FIG. 1 is a configuration diagram of an embodiment of a graphic display system of the present invention.

FIG. 2 is a flowchart of a two-dimensional graphics display instructing unit according to an embodiment of the present invention.

FIG. 3 is a flow chart of a three-dimensional graphics display instructing unit on a computer A according to an embodiment of the present invention.

FIG. 4 is a flowchart of a three-dimensional graphics display instructing unit on a computer B according to an embodiment of the present invention.

FIG. 5 is a configuration diagram of an embodiment of a graphic display system according to the related art.

FIG. 6 is a flow chart of a user program on a computer A according to an embodiment of the present invention.
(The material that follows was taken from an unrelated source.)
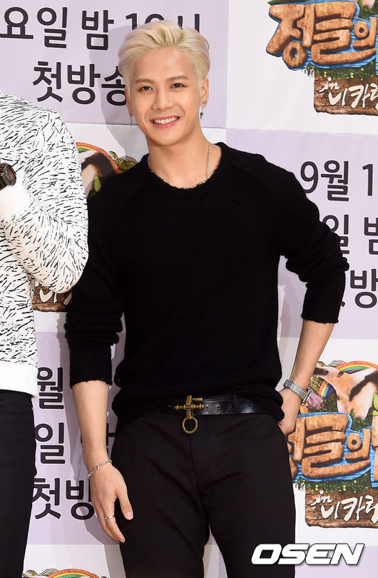 9일 오후 서울 목동 SBS에서 진행된 SBS '정글의 법칙 in 니카라과' 제작발표회에서 잭슨이 미소짓고 있다.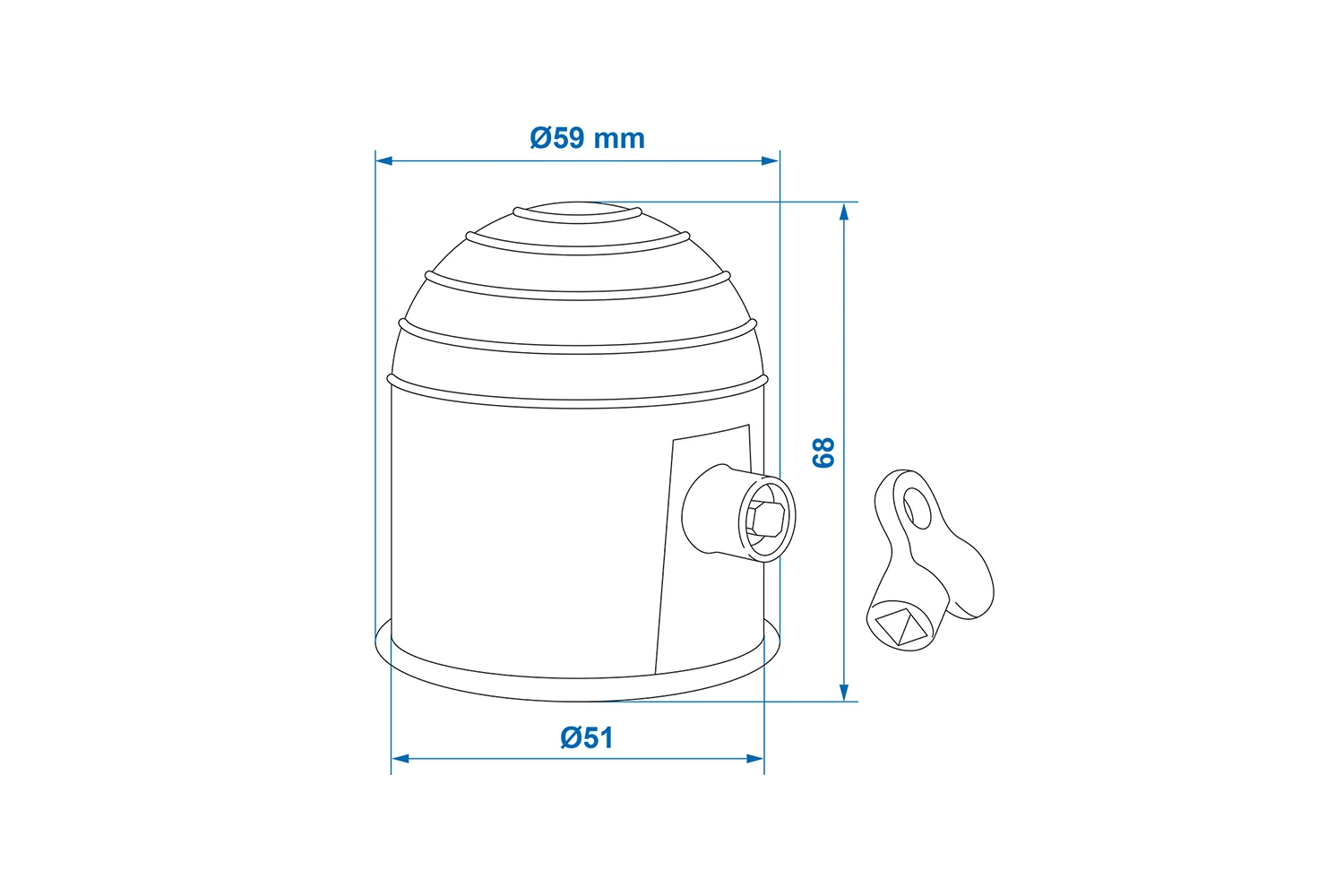 - Dimensiones: Ø 59 mm, altura 68 mm

FIG. 7 is a flowchart of a user program on a computer B according to an embodiment of the present invention.

[Explanation of symbols]

110, 111, 160, 161 User program 112, 162 Two-dimensional graphics display instruction section 113, 163 Three-dimensional graphics display instruction section 120, 170 Two-dimensional graphics display function providing section 125, 175 Two-dimensional graphics display function providing Interfaces 130, 180 3D graphics display function providing unit 135, 185 3D graphics display function providing interface 140, 190 Communication unit 910, 960 User program 912, 962 2D graphics display instruction unit 913, 963 3D graphics Display instructing unit 920,970 2D graphics display function providing unit 925,975 2D graphics display function providing interface 930,980 3D graphics display function providing unit 93 5,985 3D graphics display function interface

Claims (2)

[Claims] 1. A two-dimensional graphics display function providing means for providing a common interface between information processing devices of different models; and a three-dimensional graphics display function providing means for providing a different interface for each information processing device model. Two-dimensional graphics display instructing means for instructing the two-dimensional graphics display function providing means to display two-dimensional graphics; and three-dimensional graphics display for the three-dimensional graphics display function providing means. 3D graphics display instructing means for instructing; 2 above
A graphics display system comprising: a three-dimensional graphics display instruction means and a communication means for communicating between the three-dimensional graphics display instruction means. 2. A two-dimensional graphics display function providing means for providing a common interface between information processing apparatuses of different models, and a three-dimensional graphics display function providing means for providing an interface different for each information processing apparatus model. A graphics display system having inter-program communication function providing means for providing a function of exchanging messages between programs; instructing the two-dimensional graphics display function providing means to display two-dimensional graphics; A three-dimensional graphics display instruction means, a first communication instruction means for instructing the inter-program communication function providing means to transfer a message to another program, and another via the inter-program communication function providing means. A first communication receiving means for receiving a message from the program. A two-dimensional graphics display program which is a program; three-dimensional graphics display instruction means for instructing the three-dimensional graphics display function providing means to display three-dimensional graphics, and a message to the two-dimensional graphics display program Second communication instructing means for instructing the inter-program communication function providing means to transfer the second program, and second receiving the message from the two-dimensional graphics display program via the inter-program communication function providing means. And a three-dimensional graphics display program, which is a program including the communication receiving means.